A District Court judge in Oregon has granted a defendant’s motion for summary judgment after it was sued for violating the Fair Debt Collection Practices Act because the plaintiff claimed never to have received a demand letter to recover an unpaid credit card debt and because the defendant is allowed to rely on information supplied to it by the creditor.
A copy of the ruling in the case of Johnson v. Suttell & Hammer can be accessed by clicking here.
The plaintiff took out a credit card and, after a few years, stopped making payments on the debt. After the payments stopped, the plaintiff sent dispute letters to different addresses associated with the credit card issuer, and received correspondence back from the issuer with information about where and how disputes about a debt should be directed.
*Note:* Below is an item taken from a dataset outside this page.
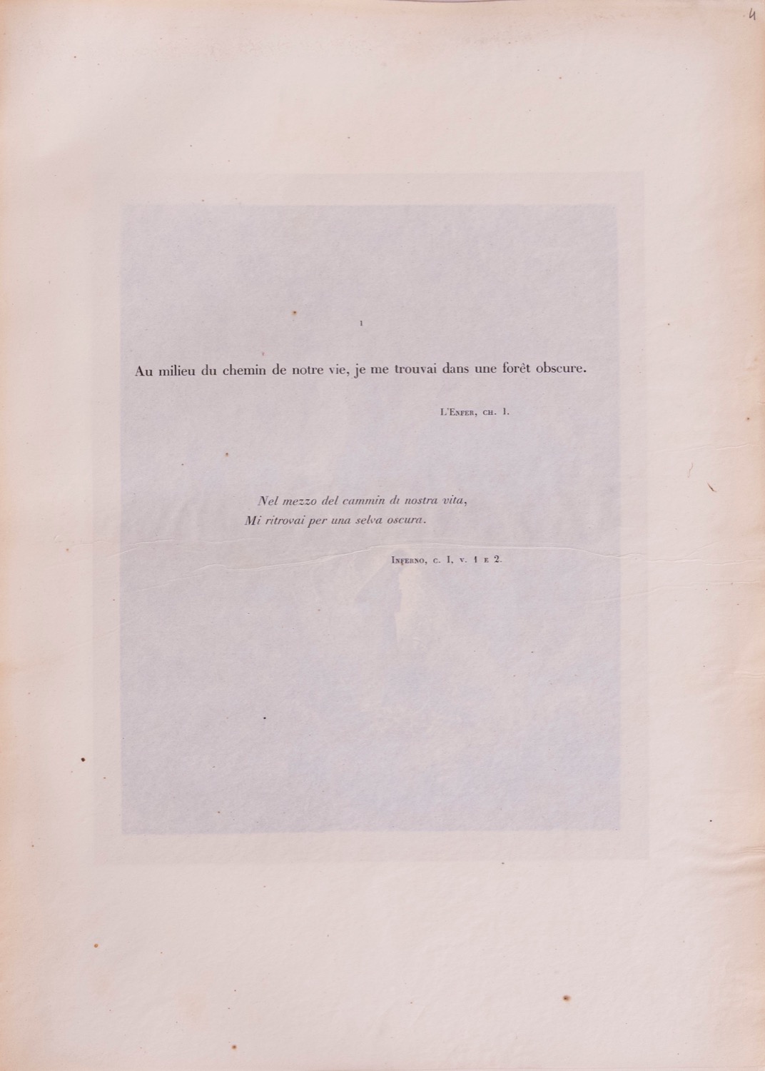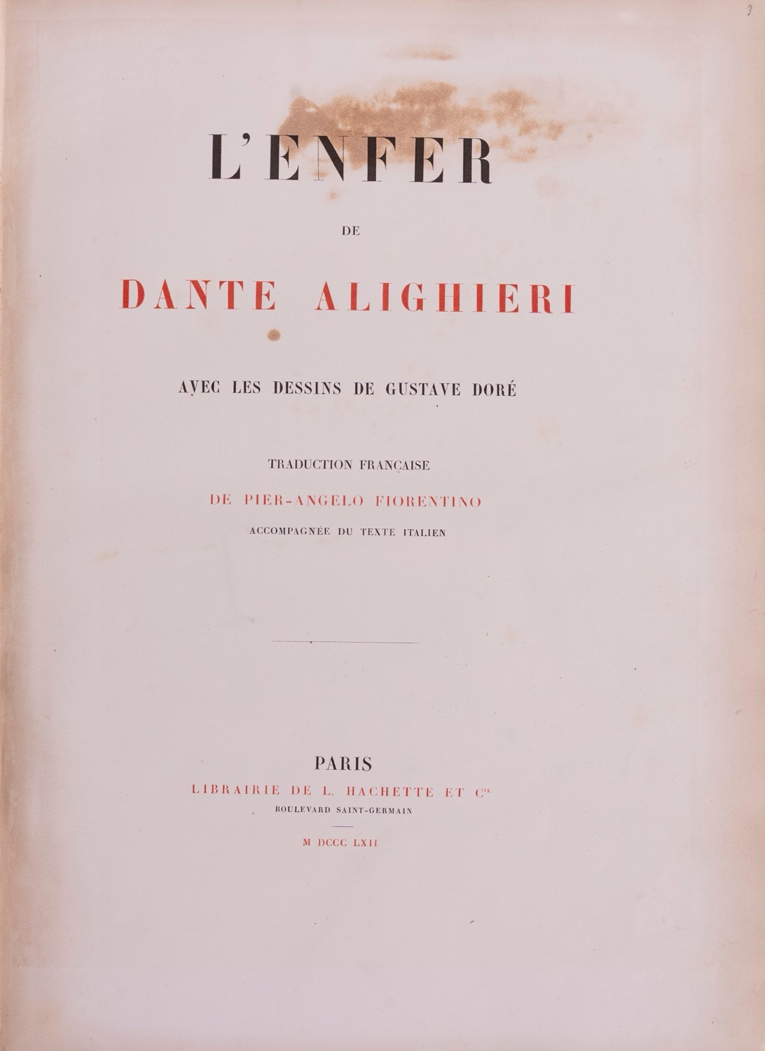 Paris, Hachette, 1862. In 2°. 420 x 310 mm. Ritratto di Dante inciso da Pannemaker, 75 grandi tavole del Dorè incise su base colorata, macchia al margine superiore del ritratto di Dante, legatura in tela rossa originale, con titoli oro e impressioni a secco. Paris, Hachette, 1862. In 2°. 420 x 310 mm. Ritratto di Dante inciso da Pannemaker, 75 grandi tavole del Dorè incise su base colorata, macchia al margine superiore del ritratto di Dante, legatura in tela rossa originale, con titoli oro e impressioni a secco.

Months later, the defendant sent a demand letter to the plaintiff, using the address associated with the account. The defendant, two months later, filed a collection lawsuit in state court seeking to recover the unpaid balance.
The plaintiff filed a lawsuit against the defendant, accusing it of violating Sections 1692e(2)(a), 1692e(5), and 1692e(10) of the FDCPA. The plaintiff claimed never to have received the demand letter, but as Magistrate Judge Vjjohn V. Acosta of the District Court for the District of Oregon noted, it is not a requirement of the FDCPA for a collector to confirm that a notice was received — only to be able to prove that it was sent. The plaintiff did not, for example, provide no evidence that mail sent to the address used by the defendant was returned as undeliverable.
The plaintiff also claimed that the defendant should be aware of the disputes that were filed, but, as Judge Acosta wrote, those disputes “did not challenge that she opened the account or was responsible for the charges.” Meanwhile, the defendant submitted bank statements showing that the plaintiff made payments on the account.